Emi Koyama - at - has written about these issues and has kept issues of race central to 3rd Wave theory and activism.

By Blogger Plain(s)feminist, at 1/31/2008 12:00 AM  

Lala, were you genuinely interested in talking about music, or simply in almost-comical snickering in order to derail Donna's major points? Because I love talking about music; in fact do so frequently, on my blog and others. I've been studying music all my life (well, formally since age 5) and it's certainly true that invoking Sister Rosetta Tharp would have been an apt flourish in my little comment at Theriomorph's. But which major points of Donna's post were you trying to advance or refute? And as Joan asked, do you honestly believe that Tharp got her due vis-a-vis Elvis?

Donna, thanks for the post, and for emphasizing Donna Darko's point about WOC/third wave feminism. Good stuff. I guess we'll see how Jill does with the Alternet gig; I hope she uses your list for guidance; and gives credit as appropriate.

Joan Kelly, aw come on, you're the beloved rock star in the house. ;-)


By Blogger Kai, at 1/31/2008 12:52 AM  

I've been lurking around the edges of this debate, learning learning learning. This is a great post. I have similar suspicions.

a a possible-derailment on music and "giving due" : You might possibly be interested in this law prof(Kevin J Greene)'s argument that if music is really "intellectual property" then reparations may be in order for the originators of the Blues, Rocknroll, etc.

I'm not sure how I feel about music as property (justifications for owning and exclusivity are so complicated here), but insofar as it is treated as such, reparations (or lawsuits for unjust enrichment) are not unreasonable questions to raise. Sorry for raising it if it seems offtopic, but whenever music gets raised in these debates my copyright law nerdliness comes out. The question of theft (raised in your title) also brought these questions of ownership, rights, and how law has historically structured those rights, to my mind, anyway

By Blogger ripley, at 1/31/2008 2:04 AM  


Thanks for posting this. I also hope that the Alternet section is able to representative of the full scope of the reproductive justice movement. I'm still getting my footing and I haven't yet been able to actually assign any stories -- they tell me that's coming -- but as soon as I have that power, I have a whole list of topics I want to cover, many of them included in this post. I really hope that the section lives up to its name.

That said, I will fully admit that I have some serious blinders on, being a white feminist from a particular class background. I am trying to challenge that, and part of that process was pushing for the "reproductive justice" title -- it's a constant reminder, for me, of what the section is supposed to be about. I'm not there yet, and the section definitely isn't covering everything I hope it will. But posts like this are good reminders that I have a long way to go, and that reproductive justice has to be more than traditional pro-choice advocacy; it also has to be more than just paying lip service to women of color.

I wish I could come here and tell you that I totally get it.
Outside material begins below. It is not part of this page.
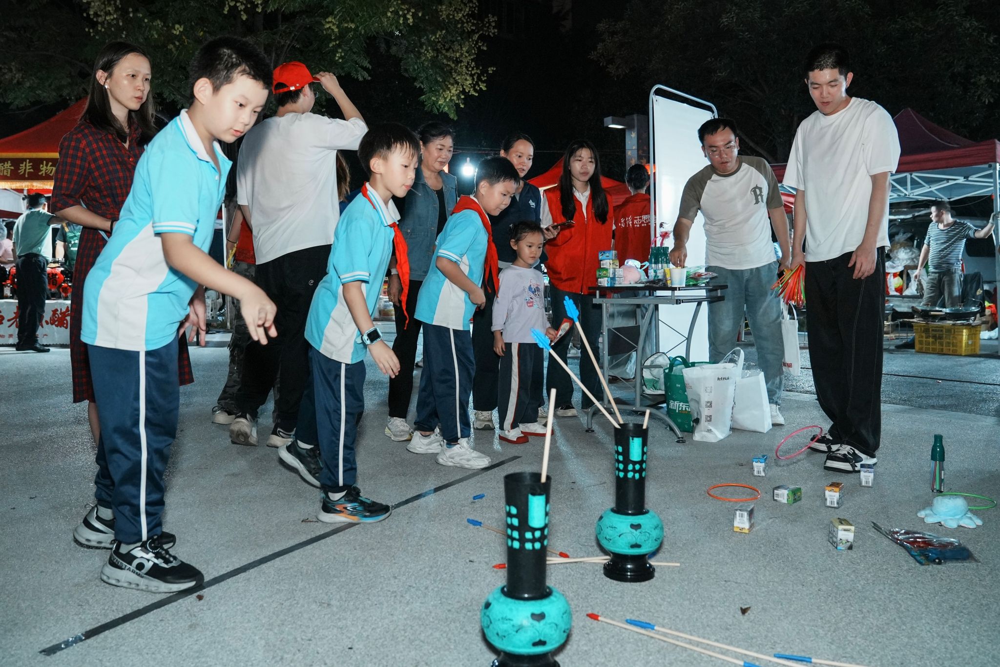 游园会环节设置了赏灯猜谜、趣味游戏及便民集市展销等内容,居民们在各种体验活动中交流互动,共同迎接国庆与中秋的到来。

But I still have a lot to learn. I can tell you, though, that I have been reading and I have been listening, and I'm learning how to be a better ally. I can promise that I'll bring that to my work at Alternet. And it's not your job or your obligation to educate or help me, but I am hearing you, and I do really appreciate your openness and willingness to engage with me. I hope I'm getting better about doing the same in return.